Responsable de la formation de l'élite, la Fédération Française de Tennis n'est pas non plus exempte de tous reproches. Les sous-développements en terme de préparation physique, de nutrition, de préparation mentale ou d'accompagnement psychologiques des joueurs et des joueuses au long de leurs carrières sont plus que conséquents. Les outils existent (yoga, sophrologie, hypnose, PNL) mais ils ne font pas partie du quotidien. Pour l'apprenti champion (et son entourage) comme pour le professionnel, une seule question se pose: comment transformer les problèmes en forces ? Inutile d'expliquer ici que pendant que nous n'optimisons pas ces domaines majeurs, d'autres nations ne nous attendent pas. Lesquelles nations ne se privent pas d'attirer nombres de nos meilleurs jeunes en proposant des cursus compatibles avec la pratique sportive intensive. Une Fédération qui n'a pas trouvé mieux pour booster son enseignement que de baisser de deux classements le seuil d'accessibilité au Diplôme d'Etat de moniteur de tennis. Comment améliorer l'apprentissage et sortir des champions en présentant des formateurs de moins en moins experts dans leur pratique ? Autrement dit, comment rechercher le progrès en pensant à reculons ? Dans le même ordre d'idées, comment estimer la position d'une fédération qui ne s'appuie toujours pas sur la compétence internationalement reconnue de coachs travaillant dans des structures privées ? L'évolution du mode de calcul du classement français pose également question: depuis quelques années, les défaites concédées par un compétiteur contre des joueurs moins bien classés que lui engendrent beaucoup moins de pénalisation comptable... La recherche d'une dédramatisation de la défaite est-elle compatible avec la recherche de la constance dans l'excellence ? Une autre piste de réflexion nous invite à considérer les problèmes liés au déracinement familial quasiment obligatoire des plus jeunes de nos talents et le coût prohibitif du projet nécessaire à leur entrée dans la carrière. Car le tennis, même s'il touche un public de plus en plus large, est encore loin d'être démocratisé et n'est certainement pas à la portée de tous ceux qui souhaitent en faire leur métier. Dernier point d'importance, s'il est facile se dresser le portrait robot du joueur de tennis Espagnol, Sud-Américain, Japonais ou Américain, l'identité française est insaisissable. Cela nous dit aussi quelque chose de l'absence d'une signature fédérale. 

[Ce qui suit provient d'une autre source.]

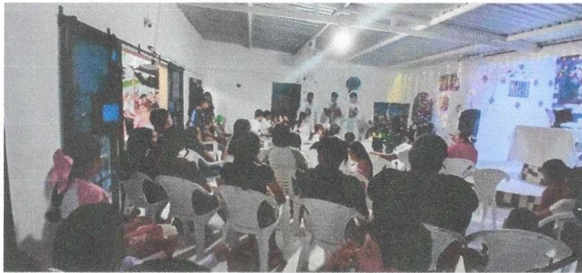
Novenas de Navidad

Actividades realizadas: entrega de regalos, ropa y refrigerios en el marco de las novenas navideñas.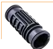
Gotero Hydro PCND 12mm y 16mm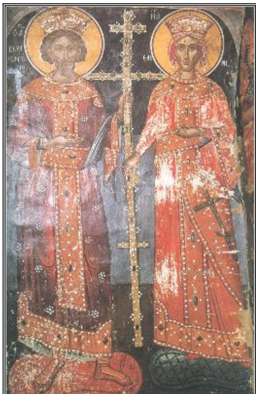
Свв. Равноапостолни Константин и Елена. Фреска. Манастир Метеора. 1527 г.

като дар за своя син Константин. Недълго след това блажената царица майка починала и била честно погребана.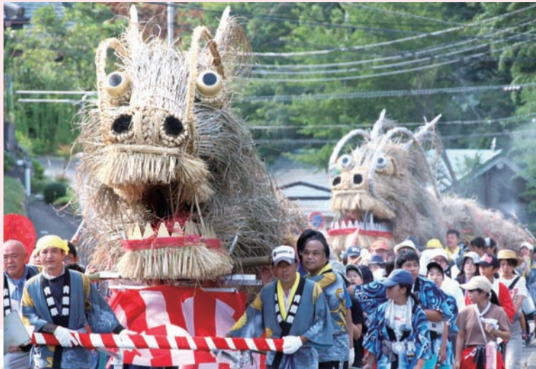
清川村「青龍祭」のパレード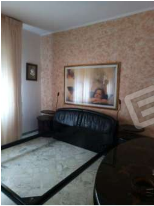
Figura 13. Interni fg.78 plla.68 sub 5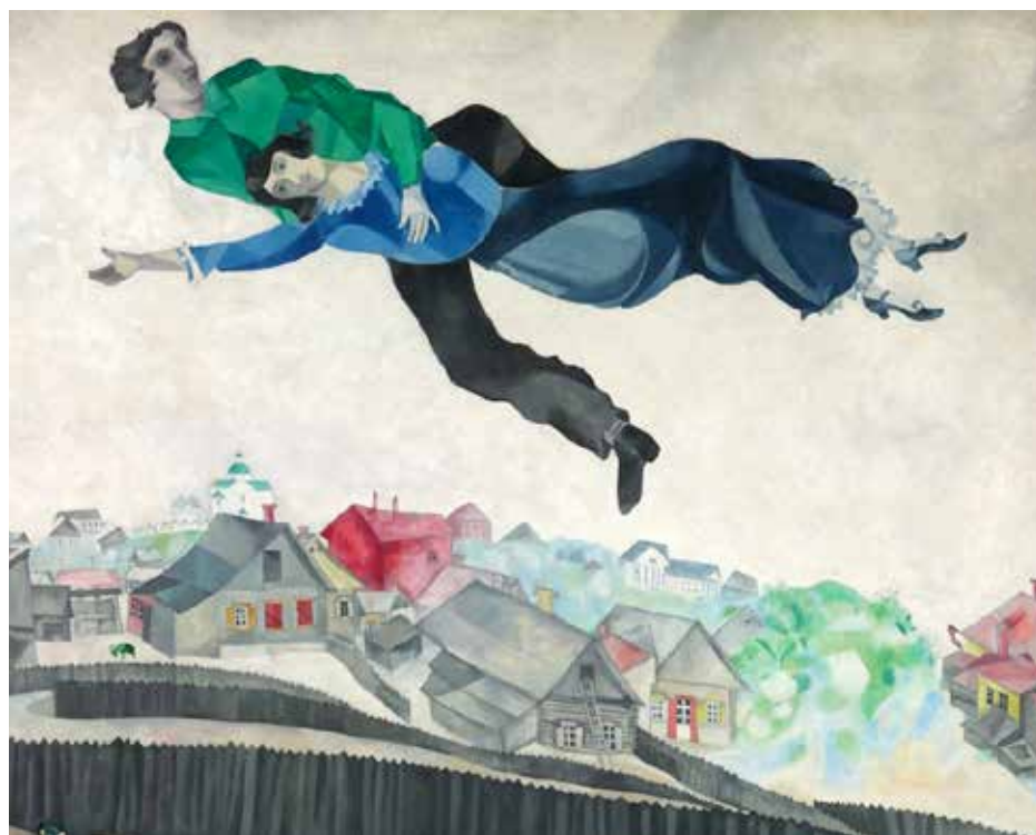
Sulla città (Marc Chagall, 1918)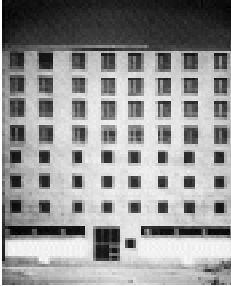
Edificio de viviendas en plaza Velasca Milán (1947-52). M. Asnago y C. Vender.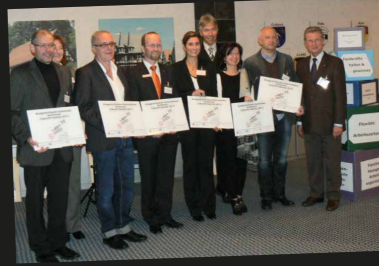
Die Gewinner des Wettbewerbs 2011 bei der Abschlussveranstaltung.

Concluons en soulignant que si les trente dernières années n'ont pas vu l'émergence de vainqueurs masculins français en Grand Chelem, de nombreux très bons joueurs ont porté haut les couleurs du pays. Depuis 1973, dix-huit français ont atteint le top 20 mondial, ce qui est remarquable. Mais ce qui faisait notre richesse, à savoir la profondeur et la richesse de notre vivier (la France a très souvent été la nation la plus représentée dans le top 100 mondial) ne sera bientôt plus. La relève n'arrive pas, un creux générationnel est à déplorer et le système, souffrant d'immobilisme, prend du retard. Comme un symbole, la Coupe Davis, dans son ancienne formule, nous avantageait grandement car elle exigeait d'avoir au moins six joueurs de très bonne valeur pour ambitionner la victoire. Nous n'avions certes pas les cadors mais nous possédions les équipes les plus homogènes. Avec désormais seulement deux simples et un double à disputer, ce qui était un atout devient un terrible handicap pour remporter la seule compétition de renommée internationale conquise par les français sur les trente dernières années...

La nécessaire reconstruction prendra du temps et exigera des réformes drastiques. Vu l'inertie du système, le désengagement progressif des services publiques, les blocages politiques, sociaux et éducatifs, la Fédération Française de Tennis aurait peut-être intérêt à constituer un fond de prévoyance.